In July last year, mad moneyJim Cramer tried to warn potential investors in the Chinese ride-sharing giant Global DiDi (NYSE:HAVE I GOT). Referring to Chinese initial public offerings (IPOs) in general and DIDI shares in particular, Cramer warned, “you must avoid them at all costs.”
In the same order of ideas, DoubleLine Founder Jeffrey Gundlach recently said, “In my view, China cannot be invested in at this point. He added: “I think investments in China could be confiscated. I think there is a risk. »
Admittedly, the risk of confiscation argument does not necessarily apply to the DIDI stock. Anything is possible when it comes to Chinese investments.
As the Chinese government continues to crack down on several business sectors, it is becoming increasingly difficult to invest in them with confidence. And while Wall Street value hunters might dismiss Cramer and Gundlach’s warnings, informed investors should check the news and think twice before taking a position.
A closer look at the DIDI action
Is DIDI stock a delicacy for bottom fishers or a toxic asset? Let’s see how it fared on the New York Stock Exchange (NYSE), so far.
As you may recall, the IPO took place on June 30, 2021, and the stock began trading at $16.65 per share.

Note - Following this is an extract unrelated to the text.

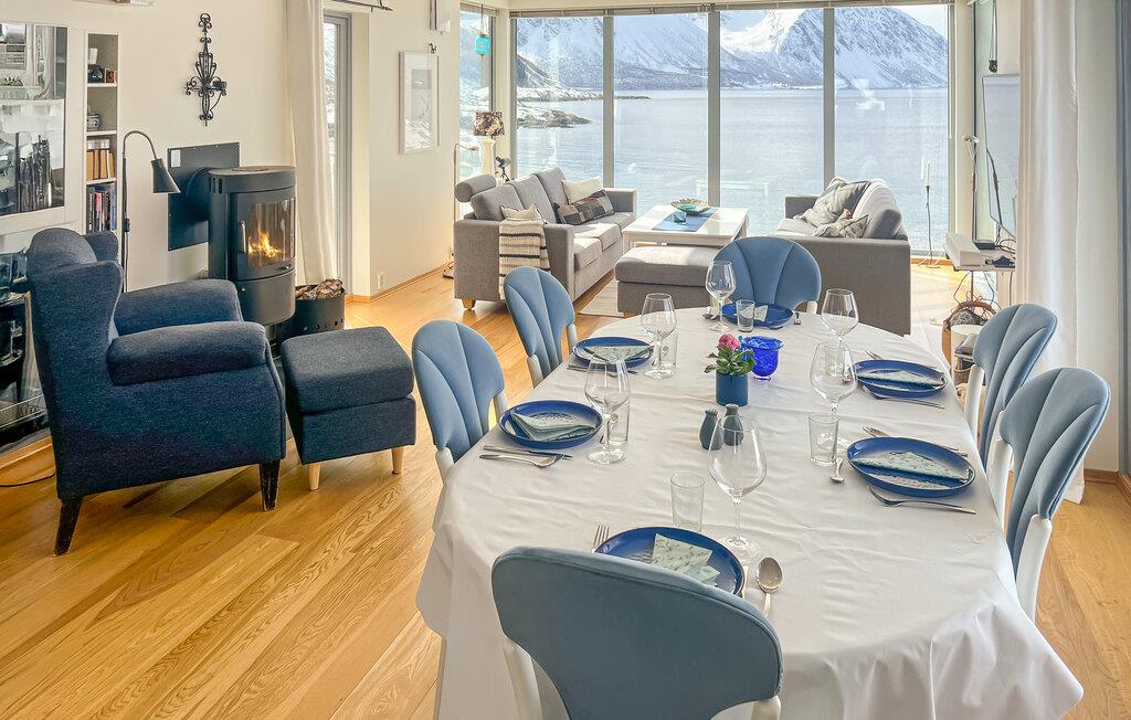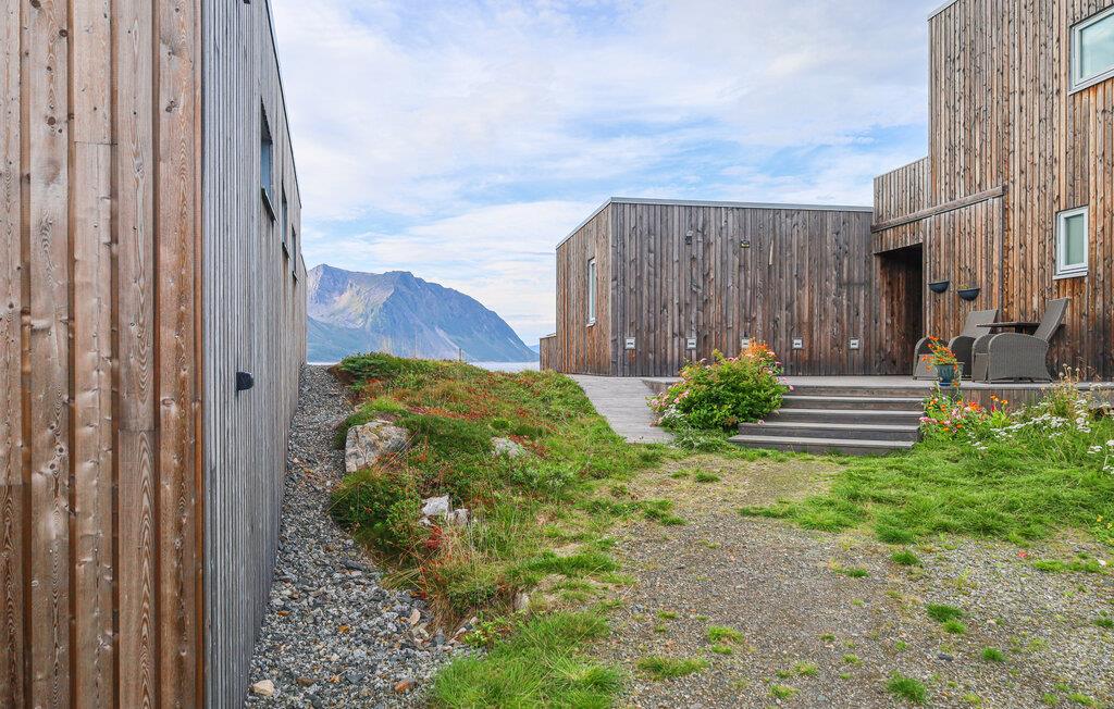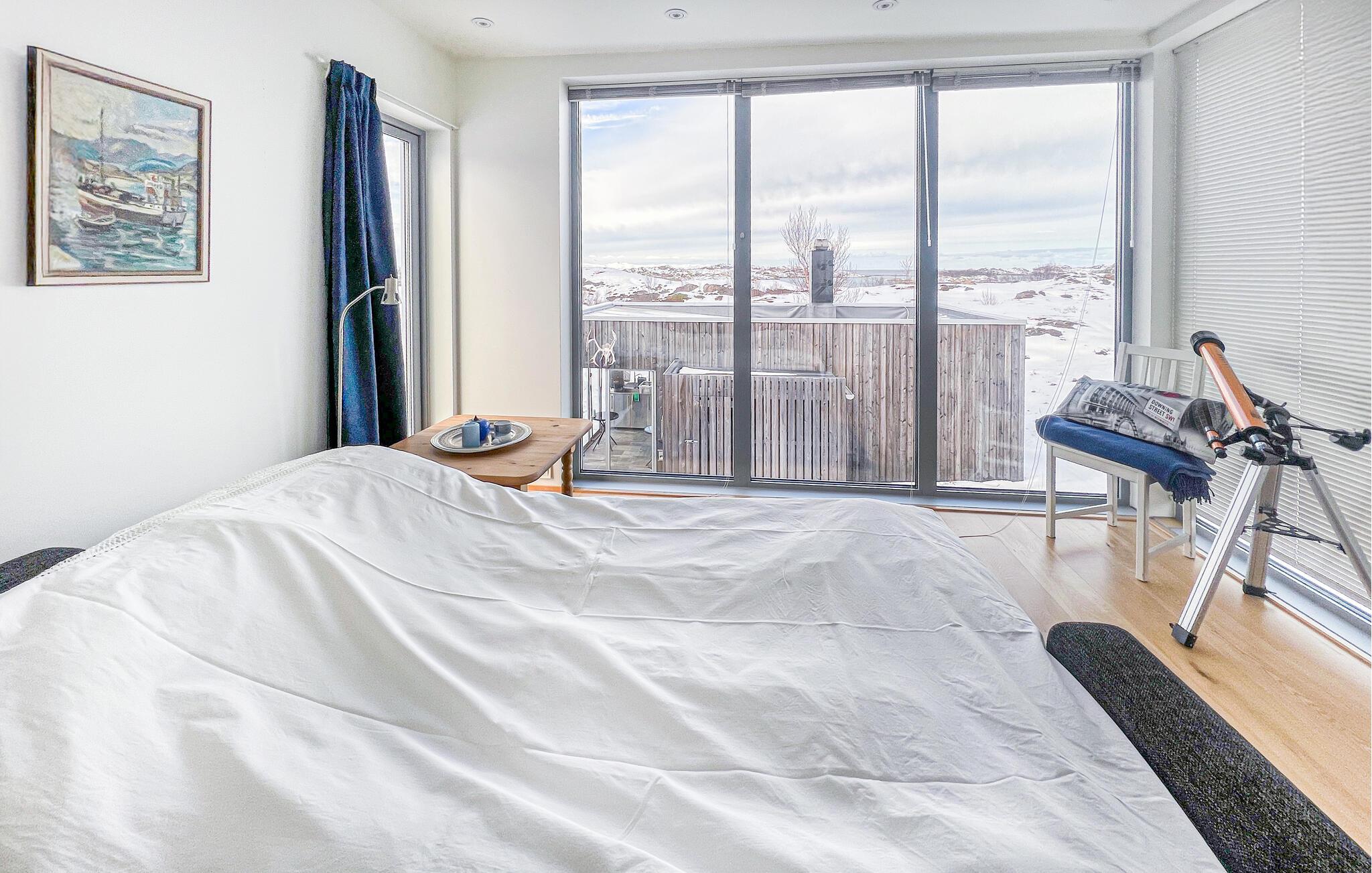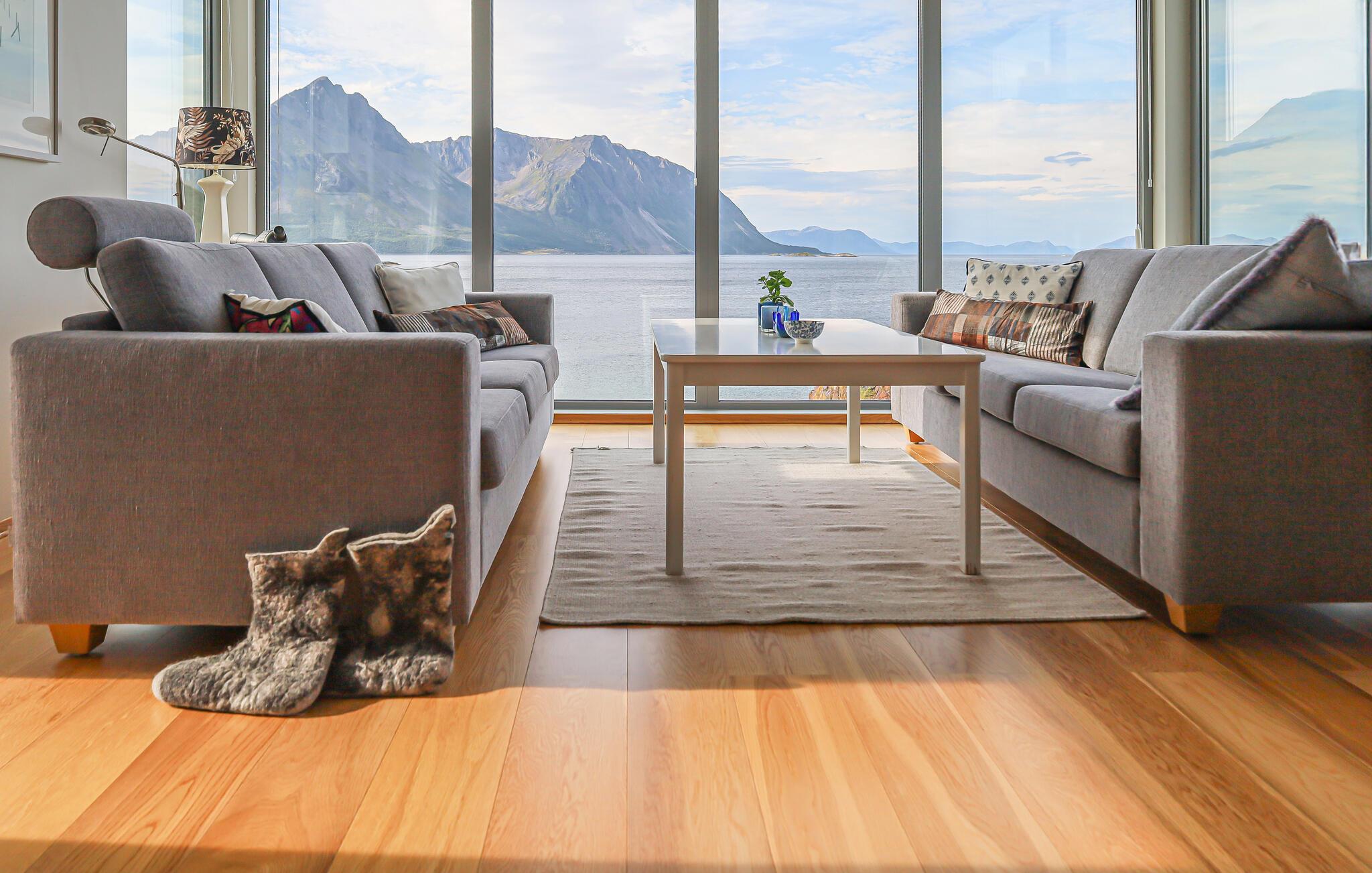Træd udenfor og oplev den unikke beliggenhed direkte ved Andfjorden. Brug udendørsområdet til at slappe af i spabadet eller nyd udsigten over Andøy og det åbne hav. Læn jer tilbage på terrasserne og lad omgivelsernes ro sænke sig. Om sommeren kan I opleve midnatssolen herfra, mens nordlyset om vinteren, med lidt held, vil oplyse himlen. Det naturlige landskab smelter hyggelig sammen med landskabet og skaber en følelse af afsondrethed og frihed.

There was a rapid rise to $18 at first, but this rally didn’t last long.
After a prolonged decline, DIDI stock fell to $5 and changed before the end of 2021. In mid-February 2022, the stock price was barely above $4.
$5 is sometimes considered a crucial technical level for stocks. Indeed, some traders informally define a penny stock as a security that trades at less than $5 per share.
Incidentally, DiDi’s 12-month earnings per share would be -$5.86. When this number is negative and its absolute value is higher than the stock price, it is probably not a good sign.
It’s a disappointing end to a sad story. Could Cramer have been right all along?
As if DiDi’s US investors didn’t have enough to worry about, the company’s board of directors has approved the procedures required for a delisting from the NYSE.
This event was announced in December 2021. Current investors in the United States might wonder what will happen next. Apparently, DiDi plans to register on the Hong Kong Stock Exchange.
The company also reportedly intends to ensure that the US version of its shares can be exchanged for “freely tradable shares of the company on another internationally recognized stock exchange”.
How DiDi can ensure that is not entirely clear at this point. In any event, the company reportedly intends to file for listing in Hong Kong around March.
Another bad sign
As the company prepares to delist from the New York Stock Exchange, DiDi is also apparently shrinking, at least in terms of human capital.
At the end of 2020, DiDi was a thriving business with nearly 16,000 full-time employees. Fast forward to early 2022, and the company would have launched a company-wide layoff program.
DiDi’s plan, of course, is to reduce its total number of employees by up to 20%. The idea, as you might expect, is to reduce company expenses.
DiDi drivers, who are gig workers and not included in the company’s headcount, were said to be unaffected by the round of layoffs. So at least that’s good news.
Admittedly, the downsizing is not yet finalized and could still change. Still, DiDi’s full-time employees — and the company’s investors — probably shouldn’t get their hopes up.
Undoubtedly, DiDi’s ongoing problems fuel Cramer and Gundlach’s arguments.
However, you have to draw your own conclusions about the company and about Chinese investments in general. That being said, there’s no denying the cavalcade of bad news.
At this point, you can cut your losses if you currently hold DIDI shares. And if you’re considering going long now, it’s probably best to stay away.
As of the date of publication, David Moadel had no position (directly or indirectly) in the securities mentioned in this article. The opinions expressed in this article are those of the author, subject to InvestorPlace.com publishing guidelines.
David Moadel has delivered compelling content – and crossed the occasional line – on behalf of Crush the Street, Market Realist, TalkMarkets, Finom Group, Benzinga and (of course) InvestorPlace.com. He is also the Chief Analyst and Market Researcher for Portfolio Wealth Global and hosts the popular YouTube financial channel Looking at the Markets.